We prioritize recall (true positive rate) because missing a prolonged outage (a false negative) is far more costly than mistakenly labeling a short outage as prolonged (a false positive). By focusing on recall, we reduce the risk of underestimating the severity of an outage, ensuring that critical response measures can be activated promptly when needed. Although we may monitor other metrics (like precision or F1-score) for a more complete picture, recall is our primary measure of success given the operational and safety implications of failing to identify a genuinely prolonged outage.

Baseline Model

Our baseline model is a logistic regression that uses three features: one nominal and two quantitative. We use the categorical feature climate_region (nominal), which is encoded using a one-hot encoder (dropping the first category to avoid redundancy), and the numerical features poppct_urban and popden_urban (both quantitative), which are standardized. The response variable, prolonged, is binary, making this a binary classification problem solved using Logistic Regression.

We chose logistic regression for our baseline model because it is a straightforward, well-understood algorithm for binary classification. Logistic regression estimates the probability of an outage being prolonged, which aligns well with our goal of identifying high-risk situations. Additionally, logistic regression is computationally efficient and less prone to overfitting with a limited set of features.

Below is an overview of the pipeline:

Feature Selection and Encoding:
- Categorical Feature: climate_region (nominal), one-hot encoded (with drop='first' to avoid collinearity).
- Numerical Features: poppct_urban and popden_urban (both quantitative), scaled via StandardScaler.
Pipeline Implementation:
We chain these preprocessing steps with a Logistic Regression classifier, ensuring all data transformations occur sequentially in one unified workflow. The pipeline is trained on 80% of the data (randomly selected), and the remaining 20% is used for testing.
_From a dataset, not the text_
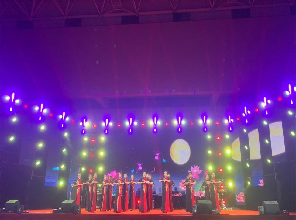 太阳成集团tyc234cc离退休教职工艺术团时装团的老师们受邀带来时装表演《花好月圆》,拉开晚会序幕。

# Define the preprocessing for each feature type with OneHotEncoder(drop='first')
preprocessor = ColumnTransformer(
    transformers=[
        ('cat', OneHotEncoder(drop='first'), cat_features),
        ('num', StandardScaler(), num_features)
    ]
)

# Build the baseline pipeline with a Logistic Regression classifier
baseline_pipeline = Pipeline(steps=[
    ('preprocessor', preprocessor),
    ('classifier', LogisticRegression())
])

Model Performance:
After training, we evaluated our baseline model on the test set. The metrics are as follows:
- Accuracy: 0.6287
- F1-score: 0.2785
- Precision: 0.5238
- Recall: 0.1897
Confusion Matrix Insight:
A closer look at the confusion matrix reveals that although the model achieves a moderate overall accuracy, it consistently misclassifies a significant portion of actual prolonged outages (low recall). This suggests that our baseline approach tends to underestimate the “prolonged” class, likely due to a relatively small number of prolonged outages in the dataset or insufficiently predictive features for distinguishing these rare events.
Interpretation and Next Steps:

While this baseline model serves as a useful starting benchmark, its low recall for prolonged outages indicates a critical gap for practical applications—especially when failing to identify a truly prolonged outage could have severe operational consequences. To address this, future improvements may involve:

Adding More Features: Incorporating additional relevant predictors (e.g., climate anomalies, population density metrics, or time-of-year effects) to enhance the model’s ability to recognize prolonged outages.
Experimenting with Alternative Classifiers: Trying tree-based models or ensemble methods that may better capture complex relationships.
Threshold Tuning or Class Weights: Adjusting the decision boundary or applying class weights to mitigate the imbalance and increase recall, thereby reducing the risk of missing genuine prolonged outages.

Final Model

Final Model: RandomForestClassifier with Feature Engineering and Hyperparameter Tuning

Motivation for Model Change:
After observing that our baseline logistic regression model struggled to identify prolonged outages (low recall), we switched to a RandomForestClassifier. This ensemble method often captures more complex relationships in the data than linear models, allowing it to better distinguish between prolonged and non-prolonged outages. Moreover, by setting class_weight='balanced', we place extra emphasis on the minority class (prolonged outages), addressing the recall deficit more directly.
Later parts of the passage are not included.